▸ Stored data

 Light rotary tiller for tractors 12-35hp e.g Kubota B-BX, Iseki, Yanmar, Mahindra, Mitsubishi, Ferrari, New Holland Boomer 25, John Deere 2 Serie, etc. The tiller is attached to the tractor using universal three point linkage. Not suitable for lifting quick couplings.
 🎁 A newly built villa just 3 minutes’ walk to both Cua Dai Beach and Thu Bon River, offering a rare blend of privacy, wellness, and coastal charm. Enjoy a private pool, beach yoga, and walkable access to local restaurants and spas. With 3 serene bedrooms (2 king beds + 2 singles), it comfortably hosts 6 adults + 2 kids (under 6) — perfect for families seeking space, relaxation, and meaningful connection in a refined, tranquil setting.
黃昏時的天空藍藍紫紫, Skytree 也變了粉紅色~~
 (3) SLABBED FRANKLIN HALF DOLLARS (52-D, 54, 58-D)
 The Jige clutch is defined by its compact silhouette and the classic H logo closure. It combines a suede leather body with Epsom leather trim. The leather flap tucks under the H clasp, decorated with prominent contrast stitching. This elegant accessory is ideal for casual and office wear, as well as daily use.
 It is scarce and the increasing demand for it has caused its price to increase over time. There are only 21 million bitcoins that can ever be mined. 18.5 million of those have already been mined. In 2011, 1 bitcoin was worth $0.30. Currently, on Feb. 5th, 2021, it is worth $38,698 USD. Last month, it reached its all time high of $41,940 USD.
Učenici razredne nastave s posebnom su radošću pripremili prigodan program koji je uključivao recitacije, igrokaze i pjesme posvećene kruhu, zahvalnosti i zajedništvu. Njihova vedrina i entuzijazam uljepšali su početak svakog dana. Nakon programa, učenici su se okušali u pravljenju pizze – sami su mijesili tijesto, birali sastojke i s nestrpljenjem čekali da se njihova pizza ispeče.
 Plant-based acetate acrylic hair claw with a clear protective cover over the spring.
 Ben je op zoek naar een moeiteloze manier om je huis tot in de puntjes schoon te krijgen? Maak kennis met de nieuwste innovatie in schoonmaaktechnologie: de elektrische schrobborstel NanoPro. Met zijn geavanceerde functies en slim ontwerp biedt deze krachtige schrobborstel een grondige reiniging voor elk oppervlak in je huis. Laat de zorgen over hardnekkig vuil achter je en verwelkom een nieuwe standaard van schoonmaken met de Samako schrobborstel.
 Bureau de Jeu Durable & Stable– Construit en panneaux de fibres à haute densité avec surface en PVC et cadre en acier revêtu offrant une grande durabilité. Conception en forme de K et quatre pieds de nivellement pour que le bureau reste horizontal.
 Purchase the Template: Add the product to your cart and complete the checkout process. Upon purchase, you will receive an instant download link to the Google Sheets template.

▸ Task statement
Within the material above, find the lines that contain the word "under"; copy them.

▸ The answer
 🎁 A newly built villa just 3 minutes’ walk to both Cua Dai Beach and Thu Bon River, offering a rare blend of privacy, wellness, and coastal charm. Enjoy a private pool, beach yoga, and walkable access to local restaurants and spas. With 3 serene bedrooms (2 king beds + 2 singles), it comfortably hosts 6 adults + 2 kids (under 6) — perfect for families seeking space, relaxation, and meaningful connection in a refined, tranquil setting.
 The Jige clutch is defined by its compact silhouette and the classic H logo closure. It combines a suede leather body with Epsom leather trim. The leather flap tucks under the H clasp, decorated with prominent contrast stitching. This elegant accessory is ideal for casual and office wear, as well as daily use.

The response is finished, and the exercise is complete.